Braving posturing against hegemonism, power politics, selective interventionism, double standards et al, cannot help us recast the world, we must adapt to its ways. We have sat through pressures before; we would serve our interests better by trying, at least as best we can, to affect them. (It would help to act upon, not just parrot, the truism that interests determine policy. Broadening the range of interaction with selected countries, most obviously economically, will gain us more support than all our claims to being more decent than our neighbour). Understanding, if not support, has to be sought for two unpalatable positions: Kashmir cannot be discussed with Pakistan until cooperative relations have grown; and India must speedily update its military capabilities.

That we were, in crisis, able to manage despite our handicaps, must not lull us into misjudging what we must do next. Nothing will safeguard our interests more enduringly than sorting out our relations with the Valley; if that is too difficult in isolation, let it be part of our long overdue general dialogue on centre-state relations, but it must start urgently. But the route to Indo-Pakistan normalcy does not lie through Kashmir, which can only be an end-subject.

A former Pakistani Premier has pointed this out. Her public regret at “holding India-Pakistan relations hostage to the single issue of Kashmir” will cost Benazir Bhutto heavily in Pakistan, without adding much to her credibility in India, but her proposal to develop across-the-board trade and other relations before tackling Kashmir is the only practicable course. The world should listen to her if not to us, but it is we who must sell this line.
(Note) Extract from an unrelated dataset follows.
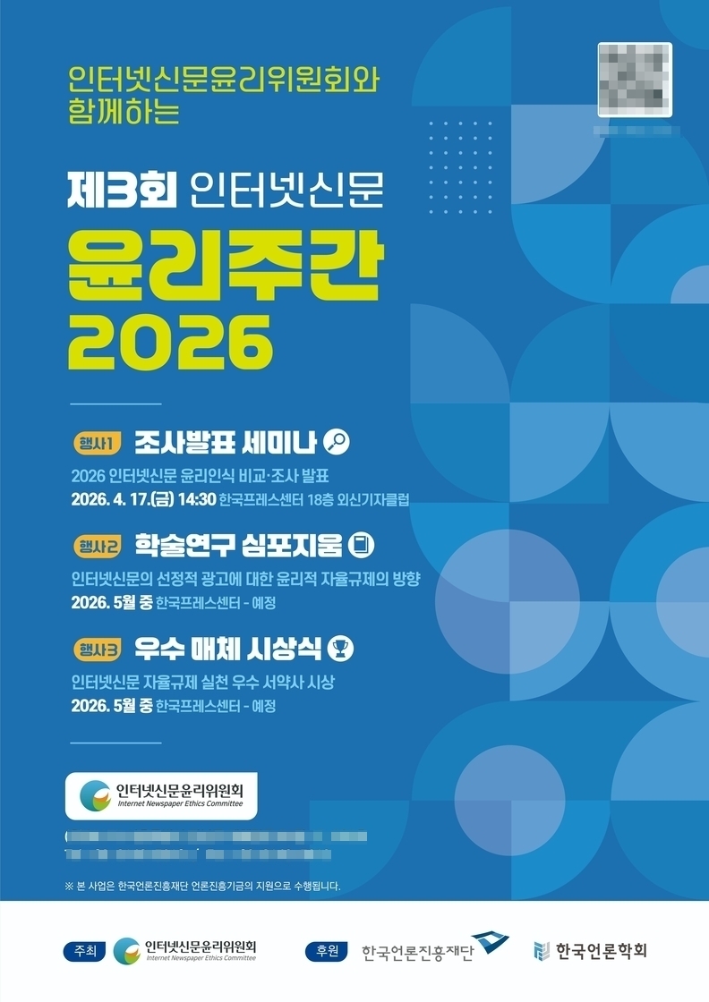 [서울타임즈뉴스 = 허성미 기자] 인터넷신문의 윤리 수준과 자율규제 방향을 점검하는 ‘제3회 인터넷신문윤리주간 2026’이 오는 17일 개막한다. 인터넷신문윤리위원회가 주최하는 이번 행사는 인터넷신문 신뢰도 제고와 건전한 미디어 환경 조성을 목표로 마련됐다. 이번 행사는 조사발표 세미나와 학술 심포지움, 우수 매체 시상식 등으로 구성된다.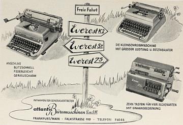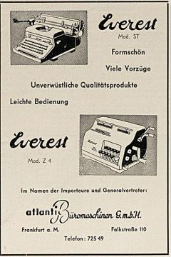Werbeanzeige für Schreibmaschine und Rechenmaschine Everest monochrom

We will be told that Nawaz Sharif was hoodwinked by some rogues soldiers, he has pulled back at great political risk, he is our best bet, we are on weak grounds in Kashmir, more unrest there will turn international opinion against us, we must talk now. Pakistan will also launch counter-moves, most obviously by heightened terrorism in Kashmir. But if we accept the basic reality, that Pakistan ruined relations gratuitously, should we not accept and project the logical consequence that enough is enough?